Tell me what it is, not how you use it!
- Published: Friday, 03 May 2019 12:29
Regarding research data management I have been telling people the importance of describing a data set as "what it is" as opposed to "how you use it".
An early example that was given to me by a biobanking expert in The Netherlands was in the description of a chest X-ray: most likely such an image can be used both to study the bone in the spine, and to study the state of the major arteries (e.g. the aorta). If such an X-ray is acquired, it is likely that it is for one purpose only, but that does not exclude a re-use in another field. To optimize the re-usability of the data (see the FAIR principles), a chest X-ray should be labeled "chest X-ray" and not "X-ray of the spine" even if it was acquired for that specific goal.
I think this is similar to a "book cupboard". Most "book cupboards" are actually "book-size shelves". Those shelves can be used to store books, but can also used for other purposes. To optimize the Findability of the right storage solution in the shop, it would be useful if the label would not express a single use.

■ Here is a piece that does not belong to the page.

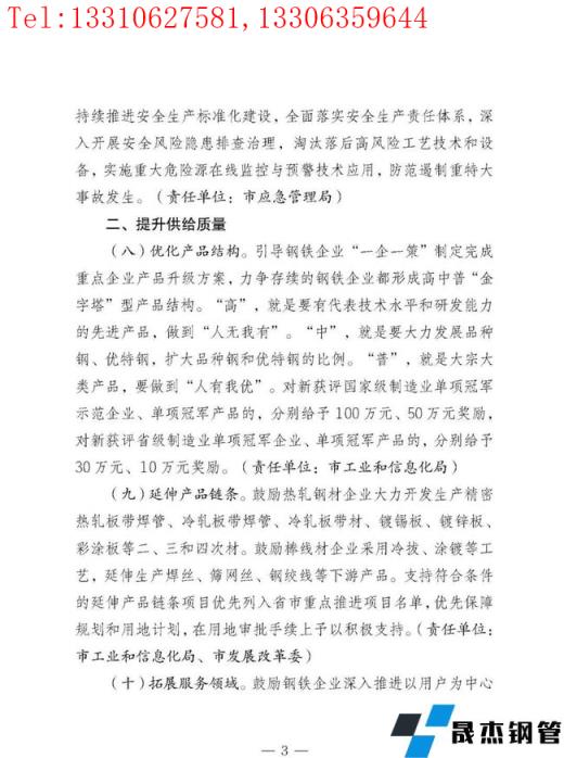 按照"五個一"工作機制,把打造精品鋼鐵為萬億級產業的各項工作落實到各部門、各縣(市、區),結合當地實際,"一企一策"制定具體實施方案。鼓勵和支持更多有能力、有貢獻的鋼鐵企業家加入各級政治組織,廣泛宣傳鋼鐵行業高質量發展的好經驗好做法,維護和提升鋼鐵行業的社會形象。加強輿論監督,及時曝光違法違規行為。建立督導幫扶機制。每月、年底對各涉鋼縣(市、區)精品鋼鐵產業營業收入增速進行排名,對增速前3名的縣(市、區),在爭取配置土地、能耗等要素和環保正面清單準入時予以重點傾斜。

Recently I heard yet another very good example of the same principle in an episode of the SE-radio podcast: Function names when writing computer code. It really improves the human readability of computer software (and hence the maintainability) if each function is named after what it does, rather than how it is used. The example from the podcast: do not name the function "reformat_email", but name it "remove_double_newlines" if that is what it does.
I've heard someone say "Researchers are the worst judges on the possibilities for re-use of their own data". It is true: a researcher studying the aorta will not even see the spine on their own X-ray images, let alone think about ways in which the data can be reused by bone researchers. I think labeling a data set with how it is used is a consequence of this. A trained librarian/archivist, with training in classification systems, will quickly see through such a mistake and suggest better naming.